The current implementation of External Entities is not focused on performances but rather of possibilities and performances may be improved in the future. At least, External Entities enables to query multiple external sources once to gather data for a single external entity unlike other existing plugins (External Data Source, Tripal) would query them one time for each entity field.

Performances are also closely related to storage clients. While a REST storage client might be slow to load entities, a file or an SQL storage client could be pretty fast depending on their configuration. To mitigate the problem, External Entities module provides support for entity caching at the cost of having possibly unsynchronized data. Storage clients may also include features to reduce entity loading; for instance, if the "list" endpoint of a REST storage client already provides fully loaded entities, the storage client will not need to use the single entity loading endpoint if the "list" endpoint was just used before and fetched the requested entities.

If the solutions above do not meet your needs, you may also consider the (External Entity Manager)[https://www.drupal.org/project/xnttmanager] which provides features to turn external entities into local Drupal content (with duplicated data that may need to be synchronized). It also offers features to compare local and remote data and synchronize data manually or automatically using a cron.

Finaly, the External Entities Views plugin which allows to use external entities in the Drupal "views" system may work well with local data from file or SQL storage clients but not so well with REST services, especially when data filtering is involved. Therefore, it might be more appropriate to use the Search API module to index remote data and use it in views.

Native plugins

This module ships with several native plugins and plugin interfaces described hereafter:

  • Data aggregators (DataAggregatorInterface)
    • Single Storage Client (no aggregation)
    • Group Aggregator
    • Horizontal Data Aggregator
    • Vertical Data Aggregator
  • Storage clients (StorageClientInterface)
    • Main interfaces:
      • REST storage client (RestClientInterface)
      • Files storage client interface (FileClientInterface)
      • Query Language storage client interface (QueryLanguageClientInterface)
    • Implementations:
      • REST storage client
      • JSON:API storage client
      • Files storage client
      • SQL storage client (companion module)
  • Field mappers (FieldMapperInterface)
    • Generic field mapper
    • Text field mapper
    • File and image field mapper (companion module)
  • Property mappers (PropertyMapperInterface)
    • Constant property mapper
    • Field property mapper
    • Simple property mapper
    • JSONPath property mapper
  • Data processors (DataProcessorInterface)
    • Autodetect datatype
    • Boolean
    • Date and time
    • Hash
    • Numeric value
    • Numeric value with unit
    • String case
    • Value mapping
    • Version

Single Storage Client

This data aggregator does not aggregate data but rather provides a simple interface when working with a single storage client.

Group Aggregator

This aggregator enables the aggregation of multiple storage client data into one data structure. It supports grouping/separation of sources as well as a control on how data elements are merged together.
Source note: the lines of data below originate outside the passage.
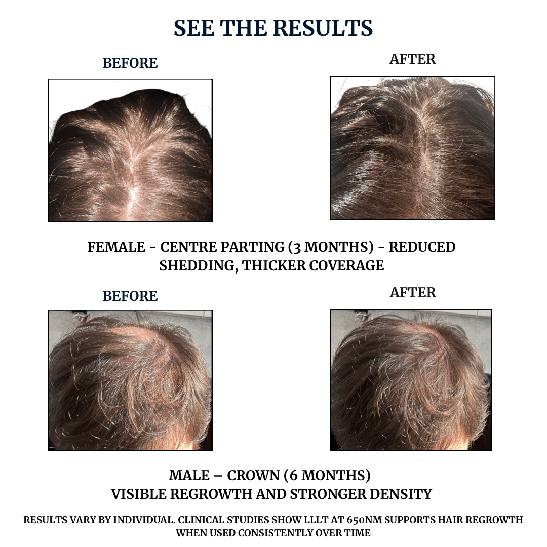 Results vary by individual, but many customers begin to notice reduced shedding within the first 12 weeks. Visible thickening and regrowth typically appear in months 4-6, with optimal results after 12 months of use. Like any hair growth system, consistency is key and combining the Laser Cap with the LIVDOR Ultimate Bundle (Shampoo, Conditioner, Serum & Gummies) supports even stronger, fuller results over time.
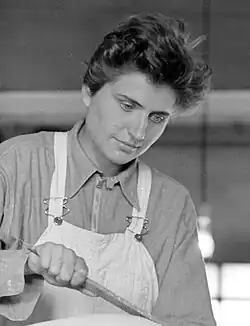![]() Lenore Thomas at work on a sculpture for the Resettlement Administration (1936) | |
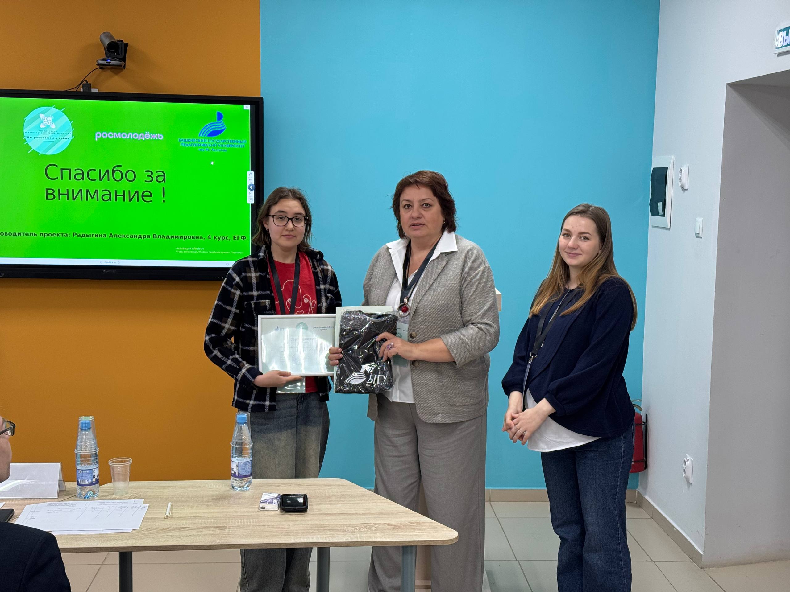 Радыгина Александра Владимировна, руководитель проекта "Инклюзивные военно-исторические экскурсии "Мы расскажем о войне"", студентка 4 курса Б_БИО , представила тему «Роль инклюзивных военно-исторических экскурсий в патриотическом воспитании школьников». Она рассказала о значении инклюзивного подхода в организации экскурсий, которые помогают формировать уважение к истории и культуре среди подрастающего поколения.

For instance, with this plugin, it is possible to add the entities of multiples sources into one bigger set of entities as well as aggregating data of one source "A" to another one "B" and merge their fields to generate virtual hybrid entities that contain data from both "A" and "B" sources.

For more details, see section "How it works / How to" before.
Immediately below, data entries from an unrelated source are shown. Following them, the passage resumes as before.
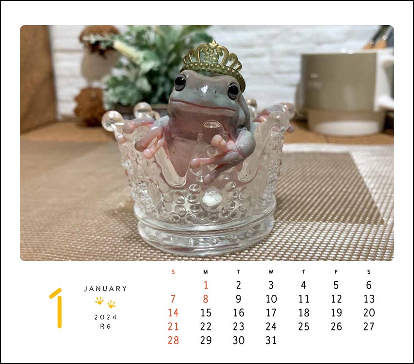 いつもカエルたちを応援してくださり、ありがとうございます。可愛いカエルたちの写真がたっぷりのカレンダーで、皆さんの1年が楽しくなりますように。
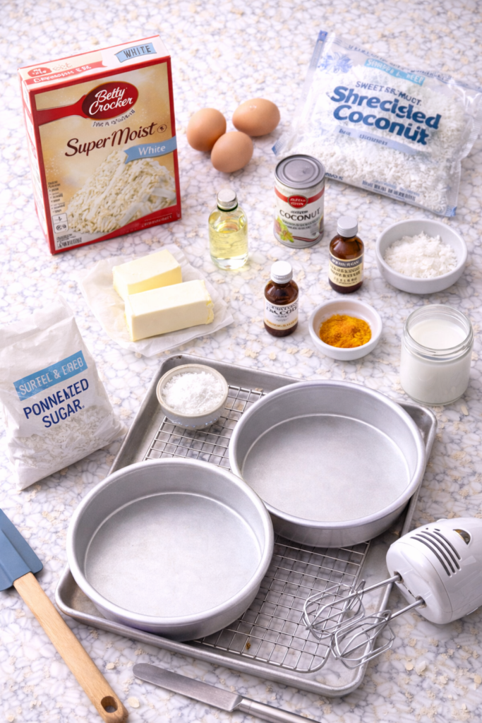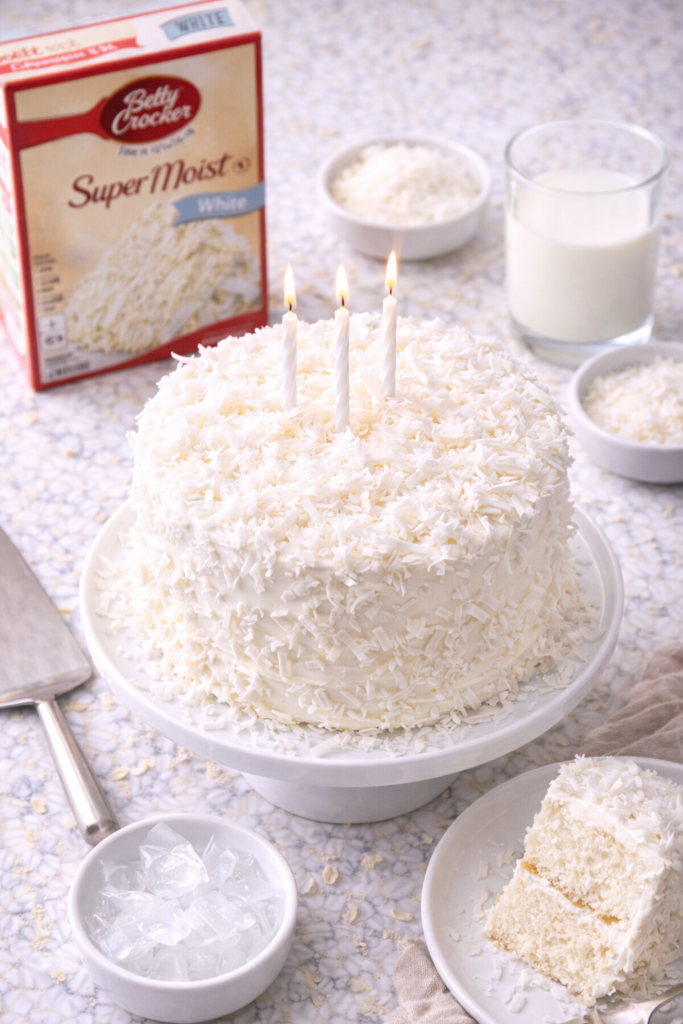 What you do to that box is what people remember. The coconut milk in the batter. The double dose of coconut extract. The toasted coconut that crackles a little when you bite into it. The frosting that tastes like it took you all day but actually took you 10 minutes.
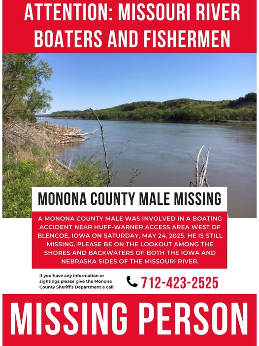 (Onawa, Iowa) – Boaters and anglers along the Missouri River in both Iowa and Nebraska, are being asked by law enforcement to be on the lookout on the shores and backwaters, for a missing boater. The Monona County Sheriff’s Office posted a notice on social media Wednesday (June 11th), with regard to a Monona County man who was involved in a boating accident May 24th, and is still missing. Anyone seeing articles of clothing or other evidence of the missing boater – whose name was not released – is asked to contact the Monona County Sheriff’s Office at 712-423-2525.
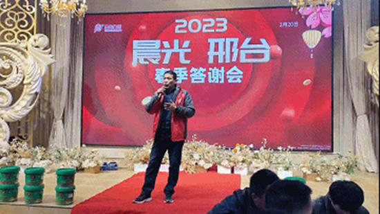 2月20日,“2023晨光春季答谢会”在邢台马凯新食代酒店隆重举行。在晨光集团的大力协助下,邢台分公司毕总为大家带来了一场精彩纷呈的盛宴,以此致谢多年来支持晨光涂料的项目经理、工长及瓦工师傅们。参与本次答谢会的嘉宾共计500余人,晨光集团总经理薛亚波先生、工程漆事业部总经理张明华先生携区域经理们出席并参与了本次盛会。
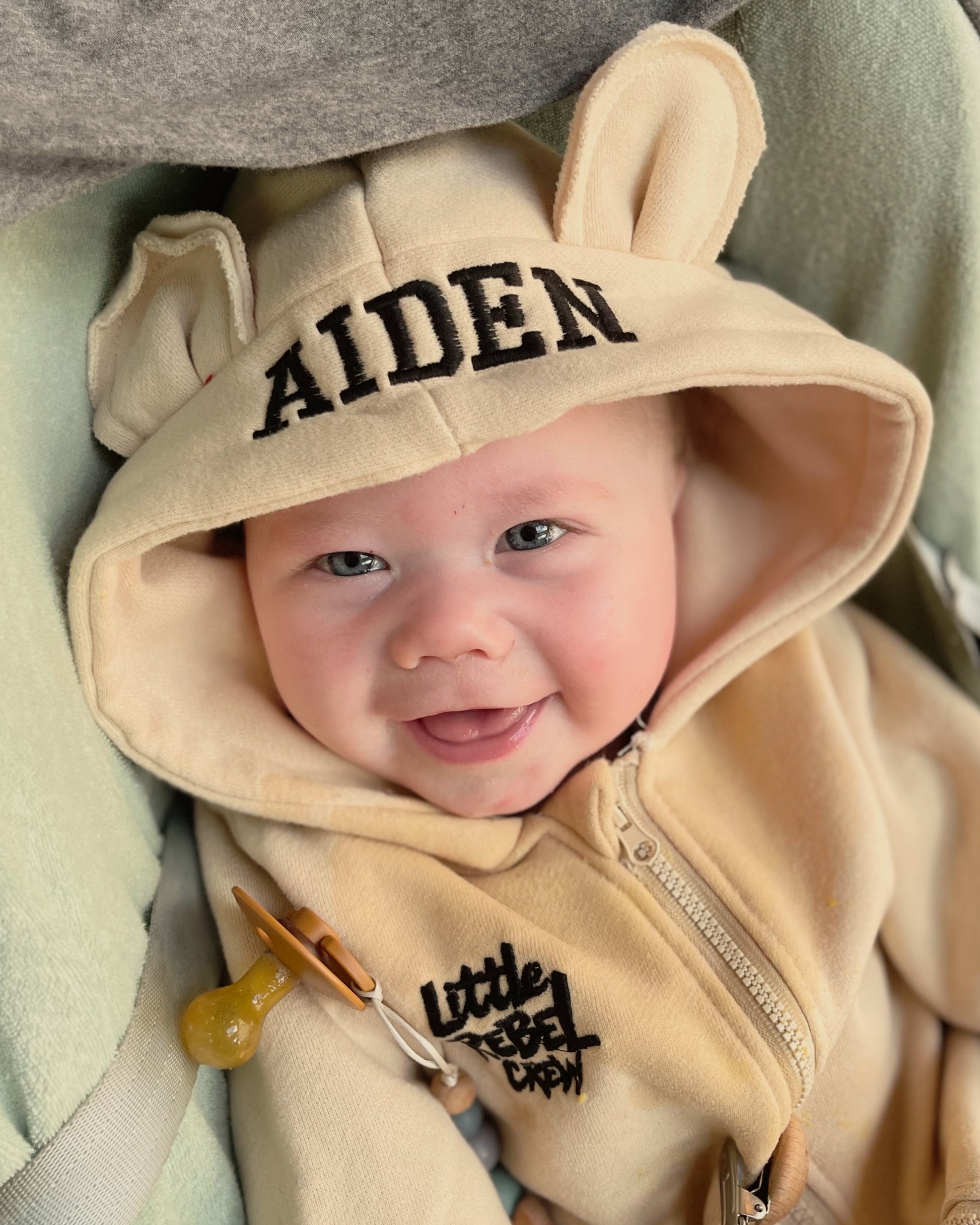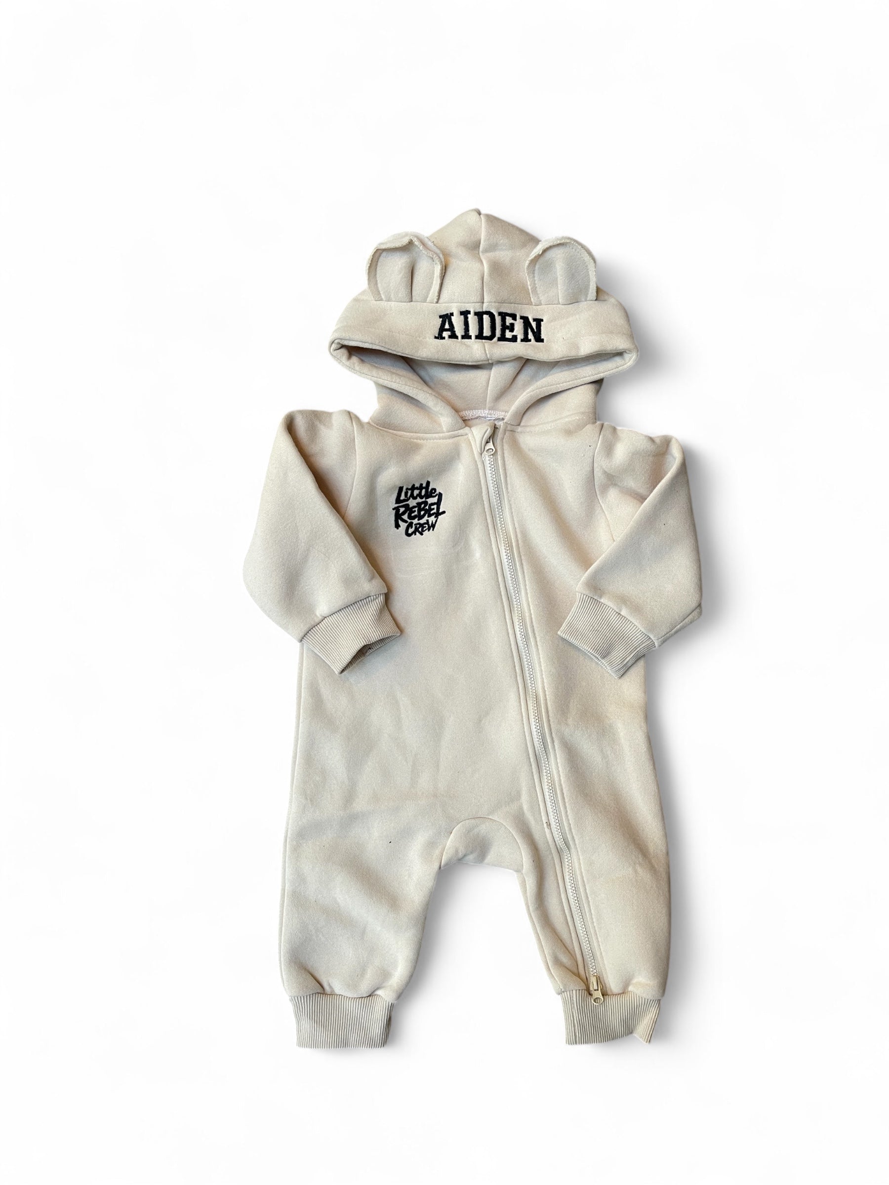 Laat je kleintje stralen in dit superzachte taupe boxpakje van 100% katoen, speciaal ontworpen voor de allerkleinsten. Met zijn schattige capuchon met oortjes en de stoere opdruk “Little Rebel Crew” is dit pakje een echte eyecatcher. Wat dit baby boxpakje extra bijzonder maakt? Je kunt het laten personaliseren met de naam van jouw baby!

Horizontal Data Aggregator

This data aggregator cumulates entities from multiple data sources into a global set. For instance, if we consider 2 storage client data sources, A with 5 entities, and B with 3 entities, the result will be one set with 8 distinct entities.

Vertical Data Aggregator

This data aggregator merges content of entities from multiple data sources into corresponding entities of a master source. For instance, if we consider 2 storage client data sources, A with 5 entities, and B with 3 entities, and only 2 entities of B share a same identifier with entities of A, the result will be one set with 5 entities containing 2 entities that were merge between an A entity and a B entity. One entity of B will not be represented in that set.
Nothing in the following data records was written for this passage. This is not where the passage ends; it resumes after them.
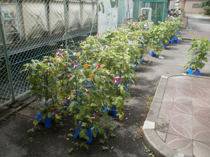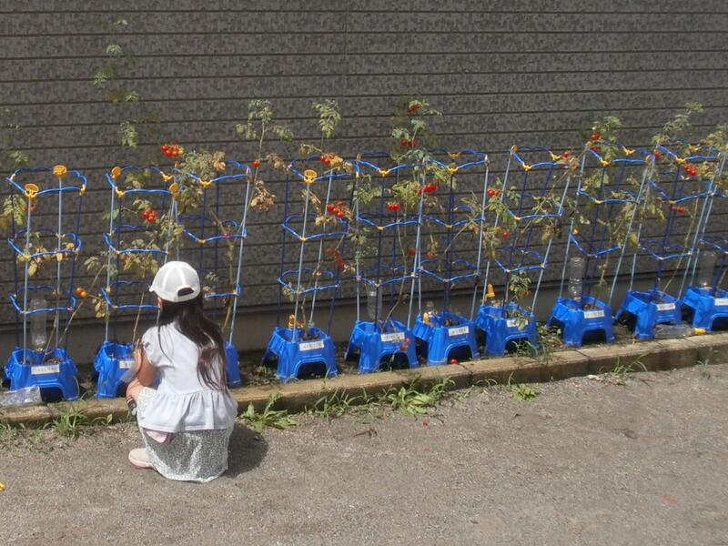 1,2年生の子どもたちが毎日忘れずにペットボトルで水をやって育てているアサガオとミニトマトがこんなに大きく育ちました。
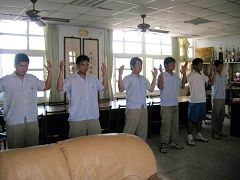 午餐之后,三人依约到我的办公室来,且肃然的于沙发椅上坐定。但是当三人一看到我手上的《转法轮》经籍时,互相交换了个眼神后,都不经意的笑出声来。此刻我想起了《转法轮》经文上的一段法理:“炼功人必须得忍。有人管孩子也发火,简直吵翻了天,你管孩子也用不着那样,你自己不要真正动气,你要理智一些教育孩子”。寻思至此,我也报以微笑,并且邀请三位以结印的端正坐姿,闭着眼睛聆听我读法。
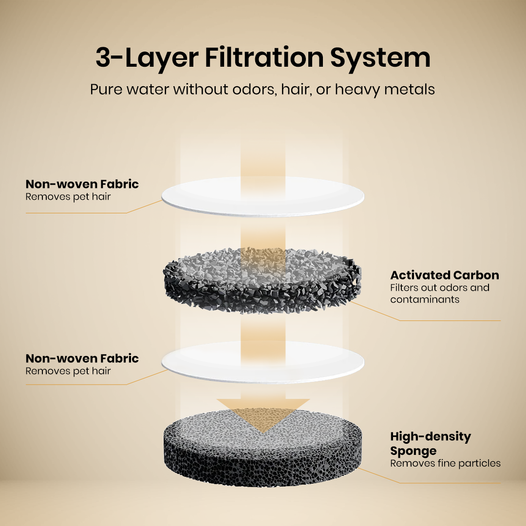 The efficient triple filtration system can effectively remove hair, heavy metals, and improve the taste of the water. Thus, your pets can drink more clean and fresh water every day and are less likely to develop urinary tract infections.
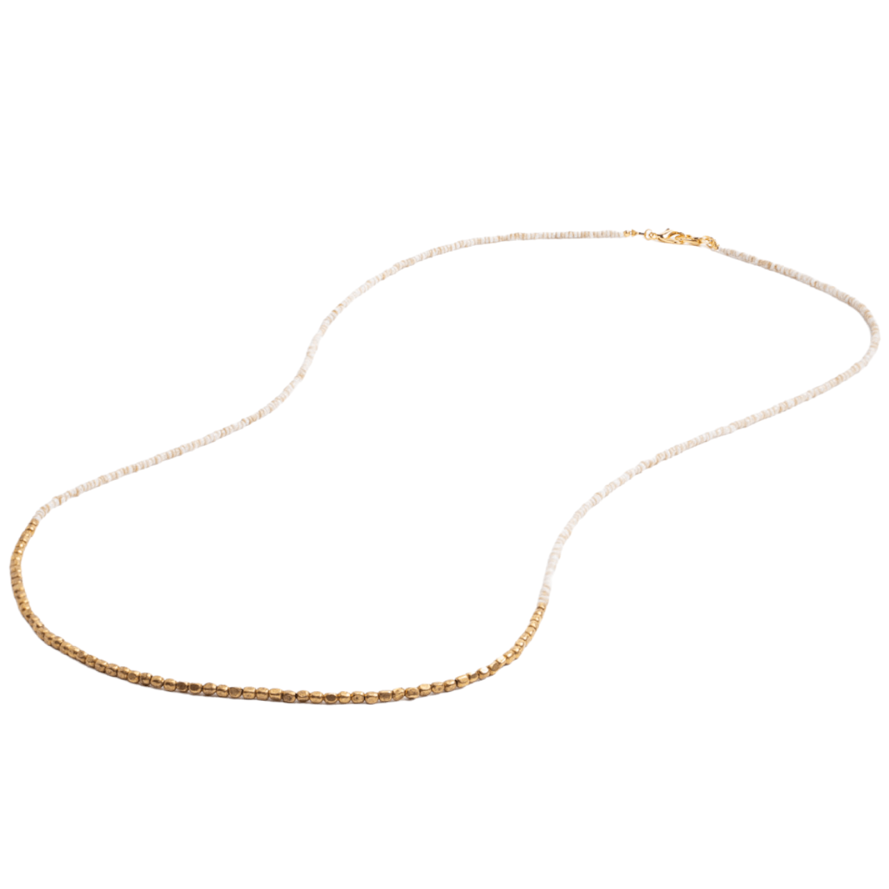 Earthy, elegant, and quietly luxurious, this handcrafted brass and quartz necklace is one of those rare pieces that feels essential the moment you put it on. Meticulously composed of warm brass and natural quartz beads, its understated palette offers a grounded sophistication—perfect worn solo or layered with other favorites.
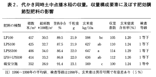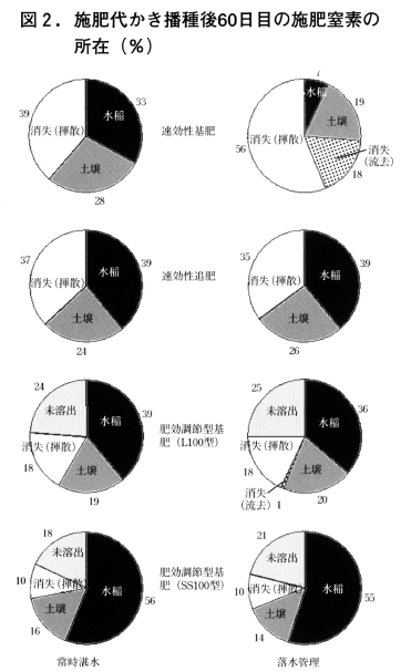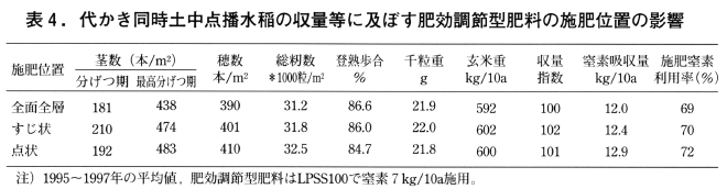 以上のことから,代かき同時土中点播水稲栽培のように落水管理を前提とした湛水直播では,基肥として速効性窒素を用いるのは好ましくなく,肥効調節型肥料を用いることが有効であると考えられた。

It is possible to perform more complex merges/joins using merge configuration features (ie. joining on other fields than identifiers, merge more than one element from a secondary source using a custom sub-field to hold the set, etc.).

Storage client interfaces

The provided 3 storage client interfaces should be use as base for storage client implementations. The "REST" interface is dedicated to web services, the "files" interface is dedicated to storage client working either with file systems or file content, with data records either stored in one or multiple files, and the "query language" interface deals with query languages such as SQL databases, noSQL storages, SPARQL (RDF) and such.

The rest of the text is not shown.